Since you are doing something unusual, you have to be very familiar with the structure of your Batch objects, know their keys, split the right keys, avoid indexing empty Batch, and copy the right keys. In general this would be very application dependent and it seems Tianshou can help very little.

[youkaichao]

One possible problem would be that spliting buffer in each process_fn can be costly

In addition, I'm wrong in this point. If arr is a np.ndarray, a[:, i] would share the memory with arr in most cases.

[p-veloso]

Thanks for the quick reply, youkaichao.

Regarding prioritized experience replay, I believe that both cases are similar ... especially if we are traversing all the agents, so whatever is simpler to implement will be adopted. Besides, prioritized experience replay is not essential for my prototype.

Regarding the Batch. I am trying to use the numpy slicing syntax for the split function. However, even in the simple example in the documentation, it breaks and does not have a shape. I will investigate it

In any case, I will experiment this approach using DQN and other algorithms before posting more questions here.
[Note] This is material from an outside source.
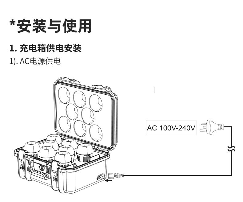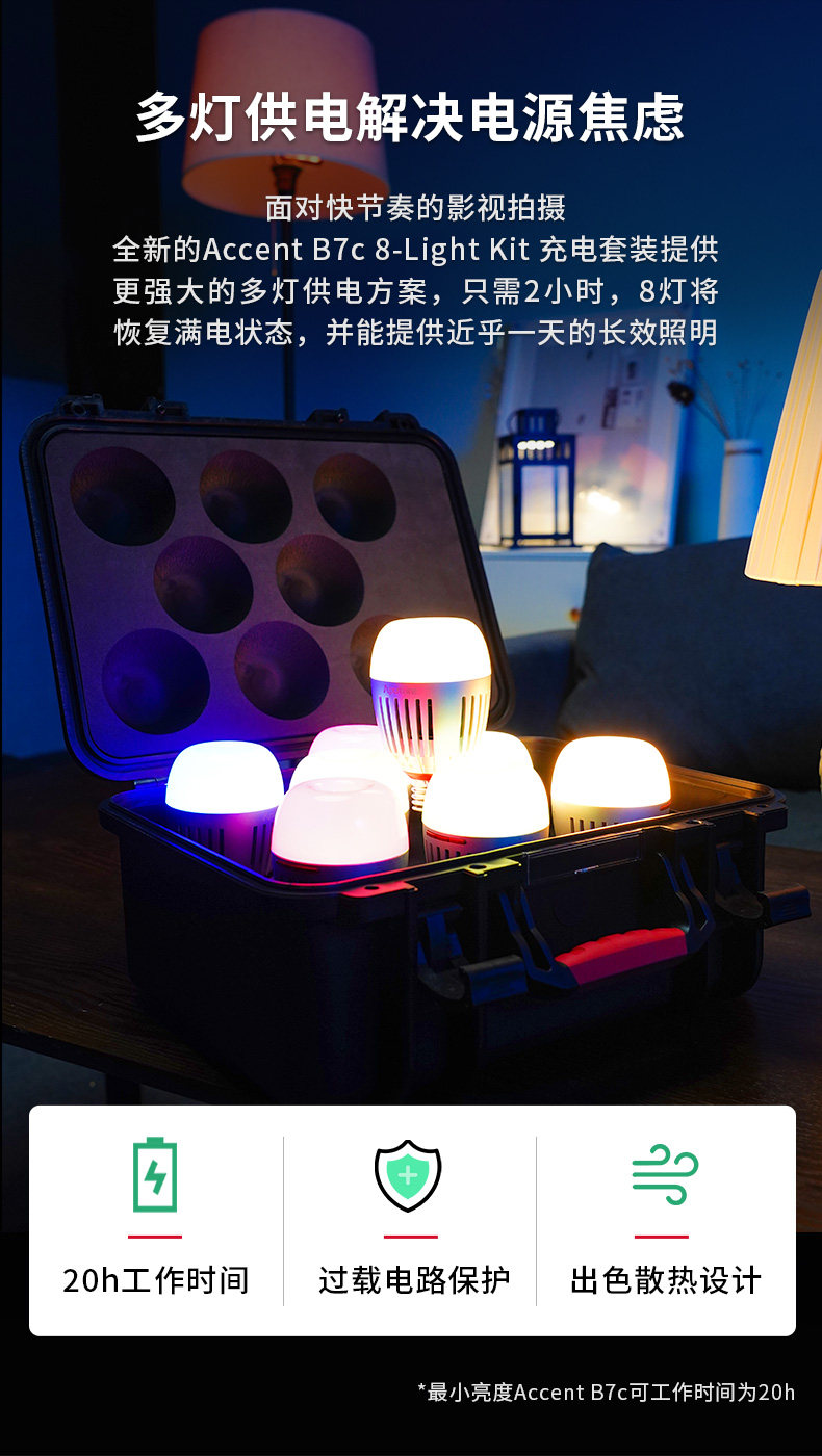 Only one charging box is needed to supply power for eight lamps at the same time, and all lamps can be restored to full power in two hours and provide long-lasting lighting for nearly one day*. (*Minimum brightness Accent B7c can work for 20h)

Maybe for on-policy algorithms, this will be even simpler.

[youkaichao]

Regarding prioritized experience replay, I believe that both cases are similar

The implementation will be different.

whatever is simpler to implement will be adopted

Agree. It's up to you and heavily depends on your code.
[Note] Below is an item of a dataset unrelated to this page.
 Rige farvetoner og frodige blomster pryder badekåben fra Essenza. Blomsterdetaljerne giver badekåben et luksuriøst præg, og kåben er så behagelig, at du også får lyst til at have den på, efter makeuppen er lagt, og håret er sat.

Regarding the Batch. I am trying to use the numpy slicing syntax for the split function. However, even in the simple example in the documentation, it breaks and does not have a shape. I will investigate it.

Keep us informed. If it is still not resolved, you can post the content of your Batch object, maybe it is a bug of Batch or we can point out the problem for you.
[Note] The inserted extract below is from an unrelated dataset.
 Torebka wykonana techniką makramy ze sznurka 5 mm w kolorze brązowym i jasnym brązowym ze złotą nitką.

In any case, I will experiment this approach using DQN and other algorithms before posting more questions here. Maybe for on-policy algorithms, this will be even simpler.

That's great! Keep us informed, please. We need feedbacks from multi-agent RL developers to understand the requirement in MARL.

[p-veloso]

collectors = [copy(collector) for i in range(N)]
buffers = split(collector.buffer)
for collector, buffer in zip(collectors, buffers):
    collector.buffer = buffer
# do whatever you like with each collector, which holds only the transitions of agent_i

1
The issue with the Batch was solved when I started using version 0.2.4

2
As far as I understand, a collector uses the method collect to get the samples from 1 or more environment. For the sake of simplicity, let's assume that there is only 1 environment. Based on your code, each collector should be restricted to the experience of 1 agent. However, when the collectors[i].collect gets the samples from the environment for all the agents, it should keep the information from agent i and distribute the information for agent 0, 1, ... , i - 1, i + 1, ..., n-1 to the buffers of the other collectors. Is this interpretation correct?

3
I feel that keeping a single collector and using multiple buffers would make more sense, given that the method collect of a single collector necessarily accesses the experience of all the agents - i.e. a step in the environment. The changes in this scenario are:

• break the restriction assert len(self.buffer) == self.env_num
• change the collect method to distribute the experience of agents[i] to buffers[i]
• with multiple environments, it would be necessary to have a 2D list of buffers, so index i and j refers to number of agents and number of environments.

4
An alternative to 3 would be to replace each single buffer by a class Manager with n buffers. In this case, whenever the collector sends a batch to the buffer, it splits the data for the respective agents. Also, when the collector sample from this manager, it samples from the different buffers. The good thing about this approach is that seems to minimize change in the code, but I do not know if other classes interact with the buffer.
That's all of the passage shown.